You could always visit Dubai and job search from there but there is no guarantee that you would find anything. Why not get back in touch with companies that you have already contacted and reiterate your interest in working for them. Based on the response you get, you can plan a short trip to Dubai. If you are planning to come to Dubai nonetheless, it would be worthwhile mentioning that you would also be available for interviews between such and such date when making further applications.

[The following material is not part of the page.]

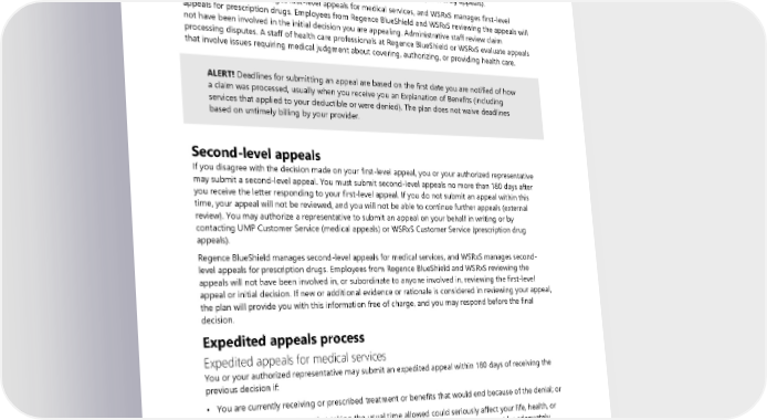 First-level appeals You or your authorized representative may submit a first-level appeal no more than 180 days after you receive the plan’s decision. If you do not submit an appeal within this time, your appeal will not be reviewed, and you will not be able to continue further appeals (second-level and external review). You may authorize a representative to submit an appeal on your behalf in writing or by contacting UMP Customer Service (medical appeals) or WSRxS Customer Service (prescription drug appeals). Regence BlueShield manages first-level appeals for medical services, and WSRxS manages first-level appeals for prescription drugs. Employees from Regence BlueShield and WSRxS reviewing the appeals will not have been involved in the initial decision you are appealing. Administrative staff review claim processing disputes. A staff of health care professionals at Regence BlueShield or WSRxS evaluate appeals that involve issues requiring medical judgment about covering, authorizing, or providing health care. ALERT! Deadlines for submitting an appeal are based on the first date you are notified of how a claim was processed, usually when you receive you an Explanation of Benefits (including services that applied to your deductible or were denied). The plan does not waive deadlines based on untimely billing by your provider. Second-level appeals If you disagree with the decision made on your first-level appeal, you or your authorized representative may submit a second-level appeal. You must submit second-level appeals no more than 180 days after you receive the letter responding to your first-level appeal. If you do not submit an appeal within this time, your appeal will not be reviewed, and you will not be able to continue further appeals (external review). You may authorize a representative to submit an appeal on your behalf in writing or by contacting UMP Customer Service (medical appeals) or WSRxS Customer Service (prescription drug appeals). Regence BlueShield manages second-level appeals for medical services, and WSRxS manages second- level appeals for prescription drugs. Employees from Regence BlueShield and WSRxS reviewing the appeals will not have been involved in, or subordinate to anyone involved in, reviewing the first-level appeal or initial decision. If new or additional evidence or rationale is considered in reviewing your appeal, the plan will provide you with this information free of charge, and you may respond before the final decision. Expedited appeals process Expedited appeals for medical services You or your authorized representative may submit an expedited appeal within 180 days of receiving the previous decision if: • You are currently receiving or prescribed treatment or benefits that would end because of the denial; or • Your provider determines that taking the usual time allowed could seriously affect your life, health, or ability to regain maximum function, or would subject you to severe pain that cannot be adequately managed without the disputed care or treatment; or • The issue is related to admission, availability of care, continued stay, or emergency health care services and you have not been discharged from the emergency room or transport service. You may authorize a representative to submit an expedited appeal on your behalf in writing or by contacting UMP Customer Service. 130 2024 UMP Select (PEBB) Certificate of Coverage

Good luck. I hope you find something soon!


----------



## Al & Dara (Jan 6, 2010)

hi ....could someone tell me how to get security jobs with security clearance in Duabi....are there website that have this kinda thing?????

Yours
Dara


----------



## Mr Rossi (May 16, 2009)

You're not doing anything wrong it seems, just a sign of the times. I'm in the same boat, applied for countless jobs via websites, direct, phoned up recruiters, phoned up HR departments and not heard anything at all. I seriously doubt whether there are any positions and if the region is heading for an even bigger financial crash in the future.

The other thing that is going against you is your line of work. Despite appearances and the projected image, Dubai is very much a backward place where marketing essentially means advertising. Due to 'best price', souq style bartering there is no such thing as price led marketing, product cycles etc etc. It's not uncommon to see an advertisment for a 'marketing executive' when in reality all they want is someone to make flyers and posters for 3000 AED a month.


----------